Si è tenuta ieri a Giubiasco l'assemblea generale dell'Associazione Botteghe del Mondo della Svizzera italiana.
Un tema su tutti ha dominato le discussioni: la grave crisi che sta attanagliando i 16 punti vendita presenti in Ticino e nel Grigioni italiano.
Nel 2014 le vendite sono calate in modo considerevole e ieri, come rende noto il GdP, l'associazione ha dovuto suo malgrado decidere di ridurre le percentuali lavorative di due dipendenti.
Salvato, per ora, il deposito di Sementina, ma l'associazione sta comunque vagliando altre misure di risparmio per cercare di tenere in vita una realtà che esiste da ormai 36 anni e che resiste soprattutto grazie all'impegno di numerosi volontari.
"Nel corso dell'autunno 2015 tracceremo un bilancio e decideremo il futuro dell'associazione" ha spiegato al GdP la presidente Claire Fischer. "Se le cifre non dovessero essere incoraggianti, saremo costretti a procedere ad un'ulteriore diminuzione delle percentuali lavorative."

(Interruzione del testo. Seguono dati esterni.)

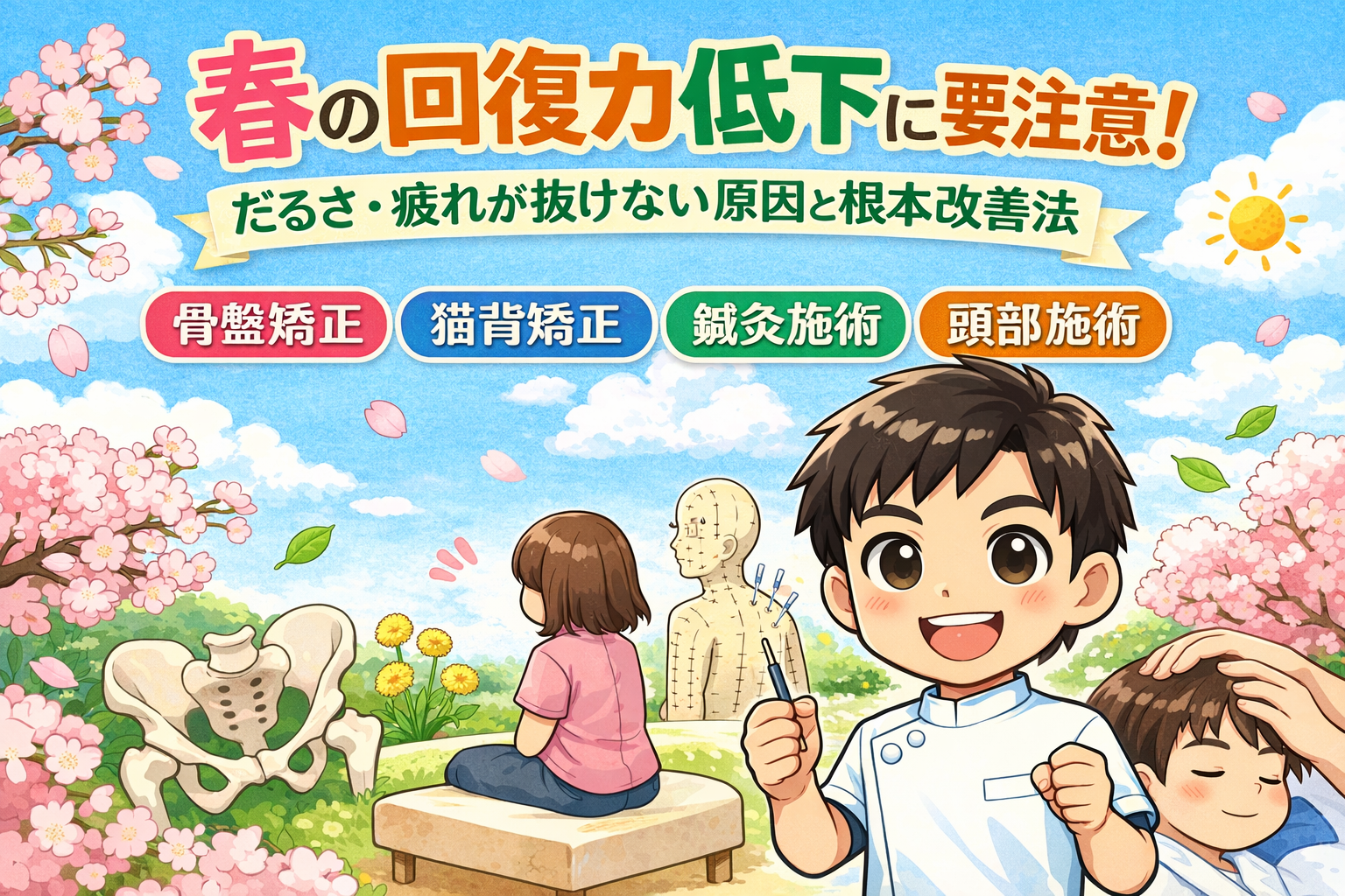 くろちゃん鍼灸整体院では、骨盤矯正・猫背矯正・鍼灸施術・頭部施術を組み合わせた、あなたに合ったオーダーメイドの施術で、春の回復力低下に総合的にアプローチします。

Le Botteghe del Mondo sono attualmente presenti a Lugano, Bellinzona, Locarno, Mendrisio, Biasca, Balerna, Cavergno, Faido, Giubiasco, Lamone, Losone, Melide, Poschiavo, Riva San Vitale, Roveredo e Tesserete. A metterle in difficoltà sarebbe il diminuito potere d'acquisto del cittadino ticinese, ma anche la crescente concorrenza di altri negozi che vendono prodotti solidali. La speranza è quella di riuscire a invertire la rotta e uscire da questa grave crisi che mette in pericolo l'esistenza stessa delle botteghe.